Obviously an individual in one of the groups or subcultures mentioned above, or any of many others, resorts to slang as a means of attesting membership in the group and of dividing him- or herself off from the mainstream culture. He or she merges both verbally and psychologically into the subculture that preens itself on being different from, in conflict with, and superior to the mainstream culture, and in particular to its assured rectitude and its pomp. Slang is thus an act of bracketing a smaller social group that can be comfortably joined and understood and be a shelter for the self. It is simultaneously an act of featuring and obtruding the self within the subculture — by cleverness, by control, by up-to-dateness, by insolence, by virtuosities of audacious and usually satirical wit, by aggression (phallic, if you wish). All this happens at fairly shallow levels in the psyche and can be readily understood. It explains most of what we know and feel about slang.

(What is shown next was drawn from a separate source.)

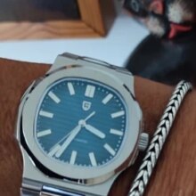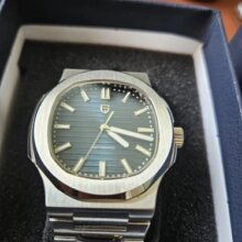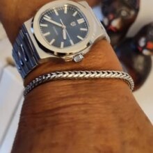 Great design and great feeling on the wrist. The color of the dial is impressive as it changes according to the angle of the light. Overall, really good deal for the money. I would advise the seller to include the tiny screwdriver needed to adjust the bracelet since the pins are screw pins.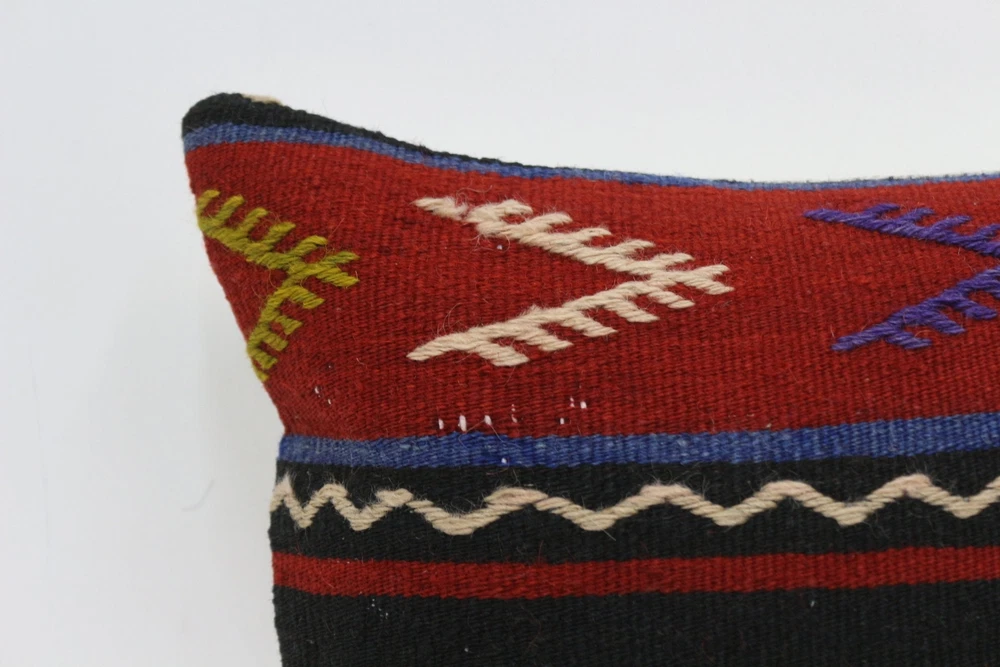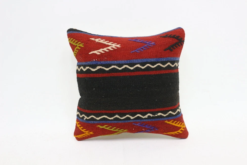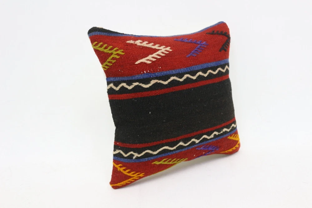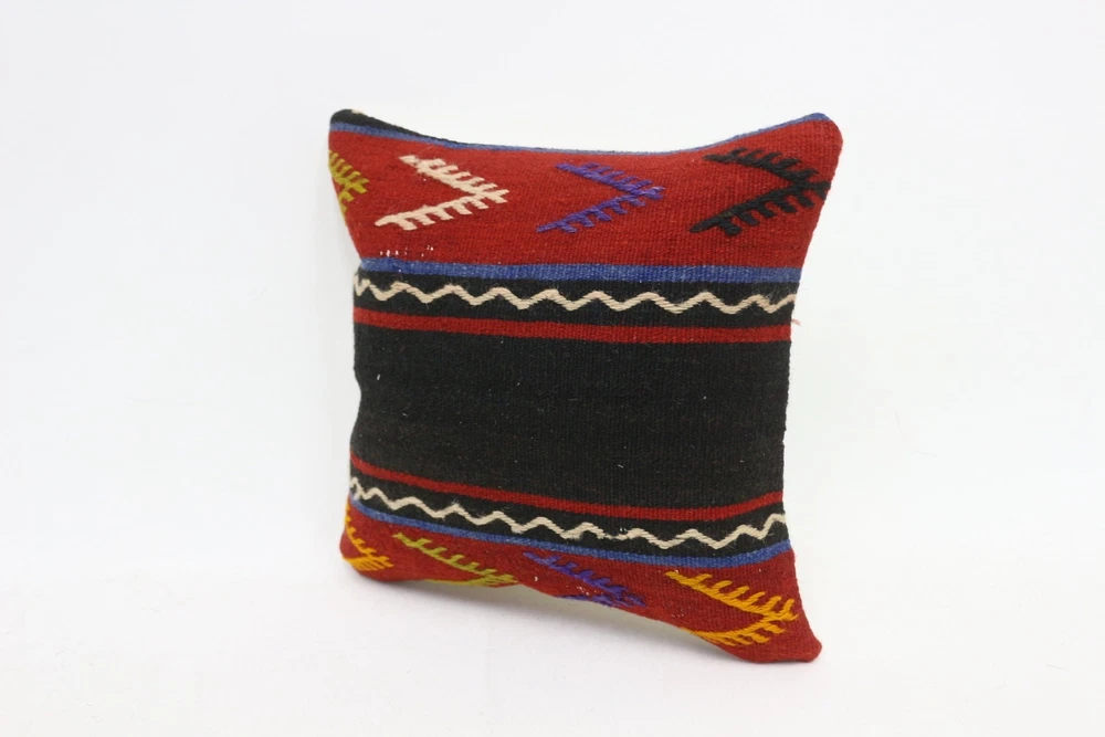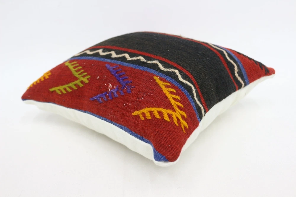 Throw Kilim Pillow, Handmade Kilim Cushion, 12"x12" Red Pillow Sham

But what explains “it”? If, as the authorities agree, slang is a universal human trait and as old as the race itself, and if it came into being in the same human society where language itself was born, can we not seek deeper and more generalized explanations? Authorities also agree, as it happens, that the roots of slang must be sought in the deepest parts of the mind, in the unconscious itself. Although that territory is perilous ground for a working lexicographer, a few conjectures and a few relationships can be proposed for consideration. It seems that the deeper psychodynamics of slang has to do with two things: 1) defense of the ego against the superego, and 2) our simultaneous eagerness and reluctance to be human.

Surely wounded egos are the most common human non-anatomic possession. Slang might be seen as a remedy for them, as a self-administered therapy old as the first family that spoke. The family, like society, entails a hierarchy of power and of right, against which the healthy growing self of the child needs measures to compensate for its weakness and sinfulness. Slang as a remedy denies the weakness and brags about the sinfulness.

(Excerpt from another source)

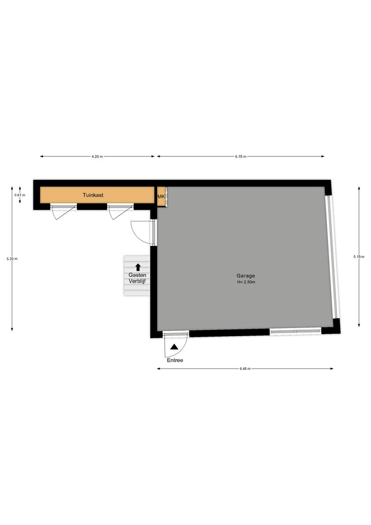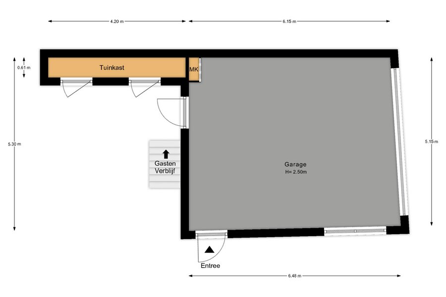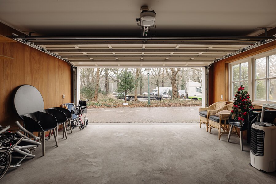 De vrijstaande garage is circa 5,30 meter breed en heeft een oppervlakte van ongeveer 35 m². Aan de achterzijde bevindt zich een trapopgang naar het gastenverblijf. Vanuit de hal zijn een separaat toilet, een doucheruimte met wastafel en een verblijfsruimte bereikbaar. In deze ruimte zijn aansluitingen aanwezig voor het realiseren van een kitchenette.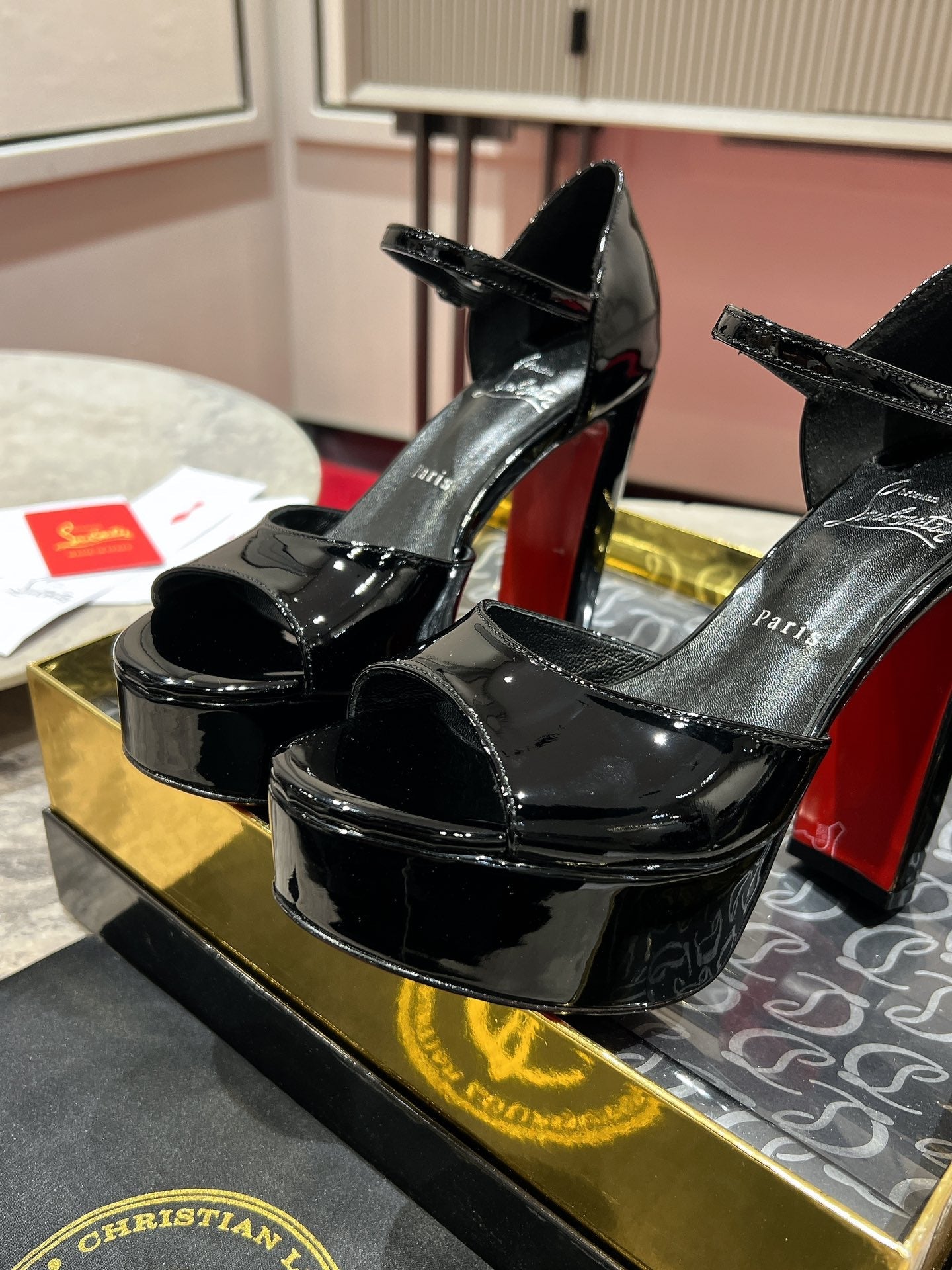 SANDALOO PLATFORM SANDALS 130MM IN BLACK PATENT CALFSKIN

In this view, it would not be too much to claim that therapeutic slang is necessary for the development of the self; that society would be impossible without slang. It is curious that a linguistic phenomenon that seems so fleeting and so frivolous, as slang undeniably does, should at the same time be so deep and so vital to human growth and order. This is only one of the paradoxes of slang.

This aspect of slang is “deeper” than the matters mentioned above, like group identification and so on, only because it existed before groups, and it persists as groups themselves chop and change in the flux of history. In this aspect slang is similar to, and perhaps the same as, profanity. Like profanity slang is a surrogate for destructive physical action. Freud once remarked that the founder of civilization was the first man who hurled a curse rather than a rock or spear at his enemy. Slang also has this usefulness, and I suspect that profanity is a subcategory of slang, the more elemental phenomenon.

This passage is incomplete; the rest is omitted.